------ LISTED RECORDS

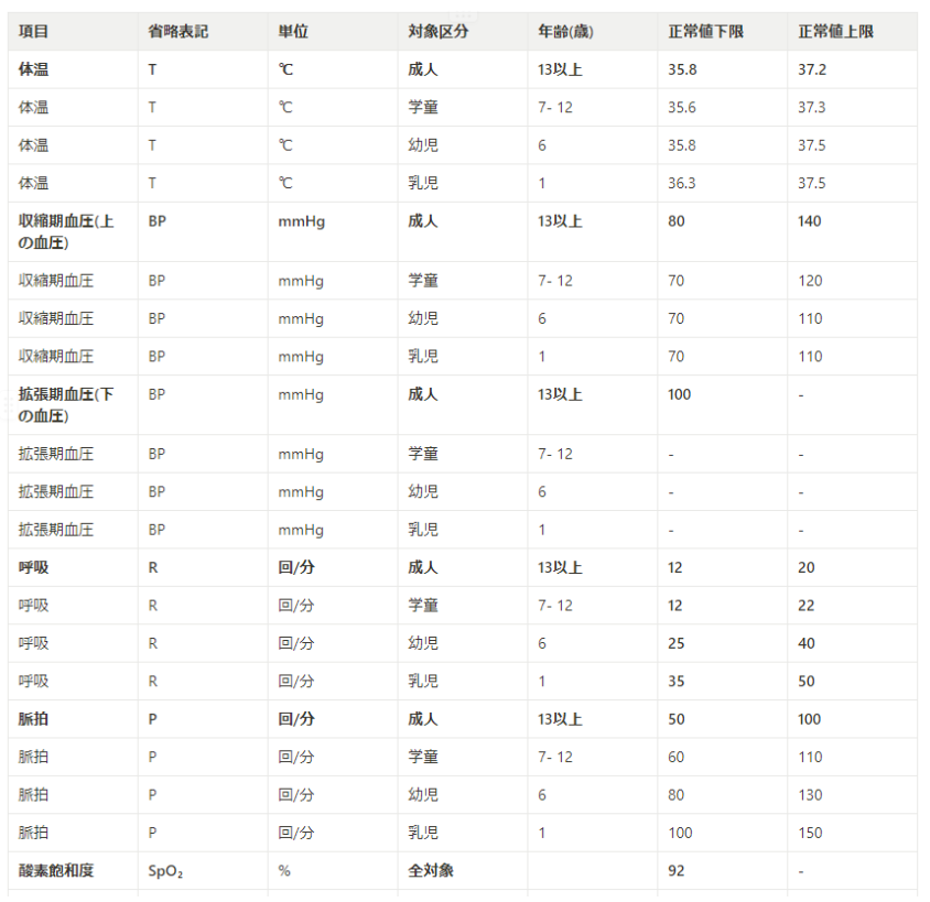 バイタルの各項目別の正常値の範囲は対象区分毎に下記の通りとなります。
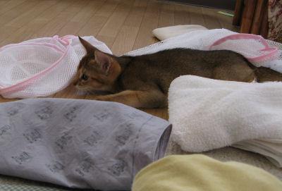 用意しておいたおもちゃで散々遊び、取り込んでいた洗濯物にも
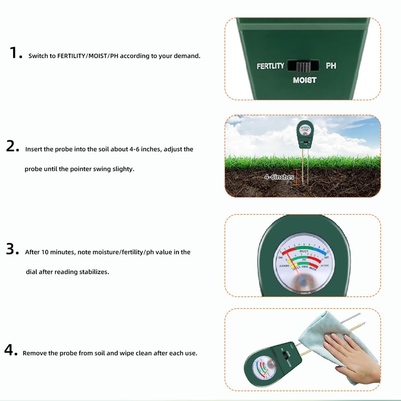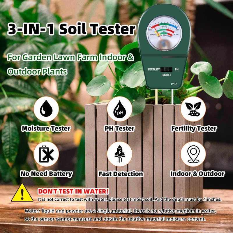 - All-in-One Soil Health Meter – Moisture, pH, and Fertility: Get instant insights into your plant’s health. This 3-in-1 soil tester accurately measures soil moisture, pH level, and fertility in seconds. Perfect for adjusting watering schedules, balancing soil acidity, and identifying nutrient deficiencies. Great for indoor plants, vegetable gardens, lawns, and potted flowers.
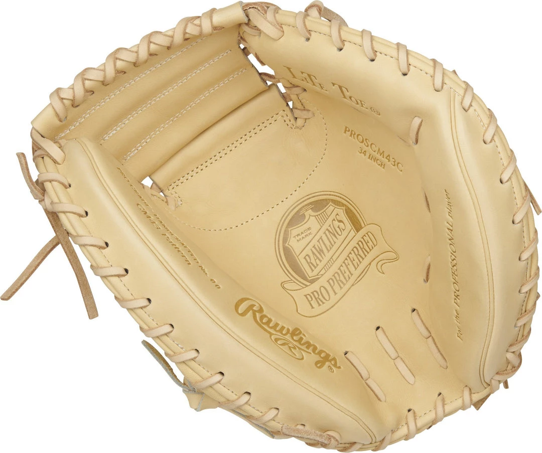 This clean, camel Pro Preferred catcher’s mitt is designed for elite catchers looking for a glove that can perform to their abilities. See why more pros choose Rawlings than any other brand, buy now right here at headbangersports.com with our fast free shipping!Â
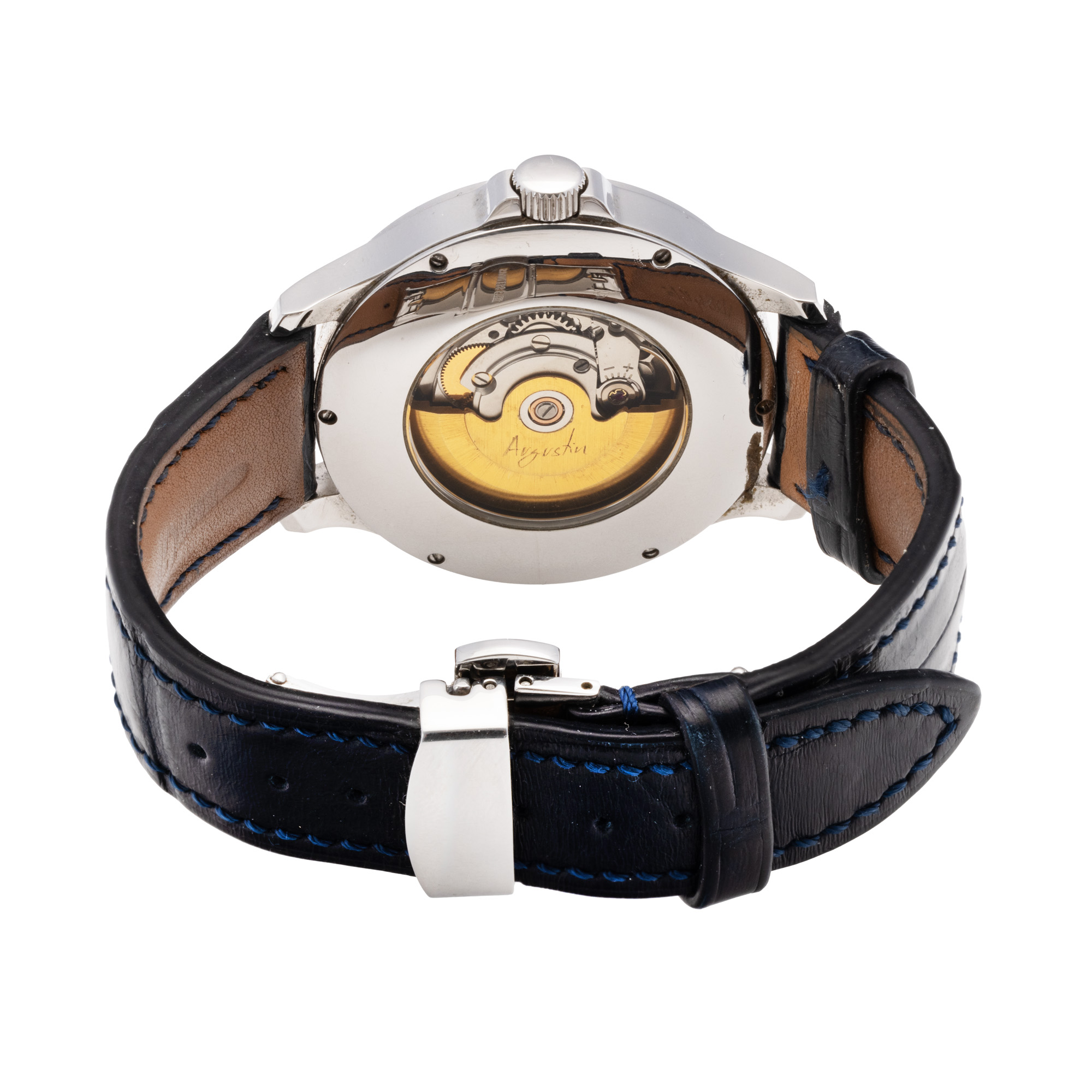 Ceas Augustin Poarta Sărutului, de mână, bărbătesc. Mecanism automatic, calibrul 2840, anterior vitrat. Cadran pictat manual, indici cu numerale romane. Curea din piele, de culoare albastru închis, cu sistem de închidere de tip deployant. Accesorii: cutia originală, certificat de garanție.
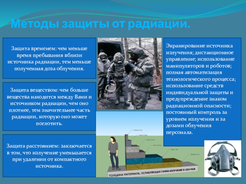 Экранирование источника излучения; дистанционное управление; использование манипуляторов и роботов; полная автоматизация технологического процесса; использование средств индивидуальной защиты и предупреждение знаком радиационной опасности; постоянный контроль за уровнем излучения и за дозами облучения персонала.
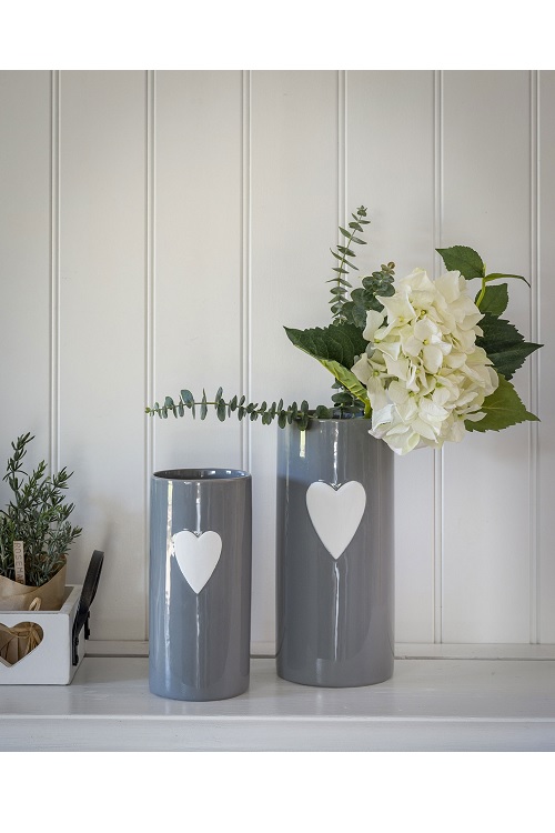 Retreat S/2WhiteHeartGreyCeramic Vase
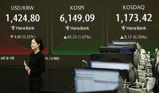 26일 서울 중구 하나은행 딜링룸 전광판에 코스피 등 시황이 표시되고 있다. 2026.2.26 뉴스1 김도우 기자달러·원 환율이 글로벌 위험선호 심리…

------------

→ **WHAT NEEDS TO BE DONE**:
Repeat only the lines from the one with "Retreat S/2WhiteHeartGreyCeramic Vase" through the end of the data, both included and exactly as written. Pictures stay out of the copy.

→ **RESPONSE TO THE TASK**:
 Retreat S/2WhiteHeartGreyCeramic Vase
 26일 서울 중구 하나은행 딜링룸 전광판에 코스피 등 시황이 표시되고 있다. 2026.2.26 뉴스1 김도우 기자달러·원 환율이 글로벌 위험선호 심리…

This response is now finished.